Partiamo da un assunto: l’ambiente in cui viviamo è il prodotto delle nostre scelte.

Questo punto di partenza ci mette al riparo da tutte quelle considerazioni passate, presenti e future che ci vogliono soggetti passivi di un destino ineluttabile; sappiamo che non è così!

L’essere umano è capace di prendere decisioni e nel contempo spostare l’asse dei propri errori su colpe altrui, sul fato e sul caso. Qual è la discriminante che determina il propendere verso una o l’altra direzione? Presto detto: il senso della progettualità e delle possibilità.

Che cos’è il senso delle possibilità?

Renato Palma, medico Psicoterapeuta, lo descrive come “peculiarità della specie umana, in cui si ritrova l’impulso al cambiamento per migliorare la propria condizione ottenendo risultati soddisfacenti orientati al benessere; per l’Uomo il possibile precede il reale”…!

Come mai, viste queste premesse, nelle società occidentali contemporanee post industriali, le persone che hanno accesso a diversi strumenti quali tecnologie evolute, istruzione e beni materiali, sperimenta oggi più che mai una crescente insoddisfazione su tutti i fronti?

Cosa ci impedisce di trasformare l’ambiente da statico a dinamico?

E anche in questo caso la risposta è ovvia: noi stessi! Se abbiamo il potere di progettare, abbiamo anche quello di non farlo e ancor di più di scoraggiare gli altri nelle loro iniziative legate alla crescita personale e globale.

Ricordiamoci che il “sistema” non è un potere astratto ma è costituito da persone a cui senza ribellarci, deleghiamo le nostre scelte e i nostri reali desideri.
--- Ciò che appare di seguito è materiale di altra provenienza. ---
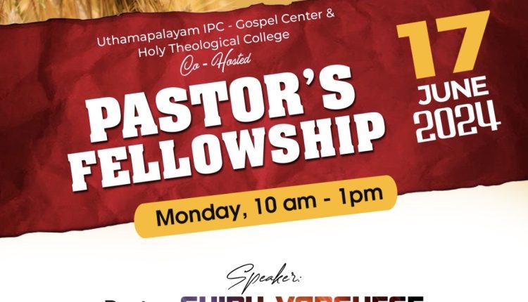 കമ്പം: ഐപിസി ഉത്തമപാളയം (കമ്പം, തമിഴ്നാട്) സെന്ററും ഹോളി തിയോളജിക്കൽ കോളേജും (തൃശൂർ) സംയുക്തമായി നടത്തുന്ന പാസ്റ്റർസ് ഫെല്ലോഷിപ്പ് ജൂൺ 17 ന് (തിങ്കൾ, ജൂൺ 17, 2024) കമ്പം, ഉത്തമപാളയം ഐപിസി ഗോസ്പൽ സെന്ററിൽ വെച്ച് രാവിലെ 10 മുതൽ ഉച്ചയ്ക്ക് 1 മണി വരെ നടത്തപ്പെടും. പാസ്റ്റർ ഷിബു വർഗീസ് മുഖ്യ സന്ദേശം നൽകും. ഉത്തമപാളയം സെന്റർ ശുശ്രൂഷകൻ പാസ്റ്റർ അജു വർഗീസ് ശുശ്രൂഷകൾക്ക് നേതൃത്വം നൽകും. സെന്ററിലെ ദൈവദാസൻമാർ ചുറ്റുമുള്ള സഭകളിലെ ദൈവദാസന്മാർ പങ്കെടുക്കും. സെന്റർ ക്വയർ ഗാനശുശ്രൂഷയ്ക്ക് നേതൃത്വം നൽകും.

Strategicamente soggiogati dalla paura di non essere parte del tutto, dal marketing che fa leva su bisogni effimeri, veniamo continuamente spinti a non coltivare le nostre idee ed intuizioni. Paradossalmente oggi pur avendo accesso ad una infinita quantità di informazioni, continuiamo a non fidarci del nostro spirito critico che deriva dall’intelligenza emotiva.

In tutto questo quadro che a tratti può risultare deprimente c’è una condizione che se opportunamente nutrita e sostenuta ci può salvare: la cooperazione.

Nonostante siamo inclini alla competizione, al profitto, alle relazioni strumentali con gli altri, nel nostro DNA evolutivo e psicologico è presente da millenni un “movimento” verso l’altro che non è solo strumentale ma disinteressato, legato alla fiducia e alla speranza.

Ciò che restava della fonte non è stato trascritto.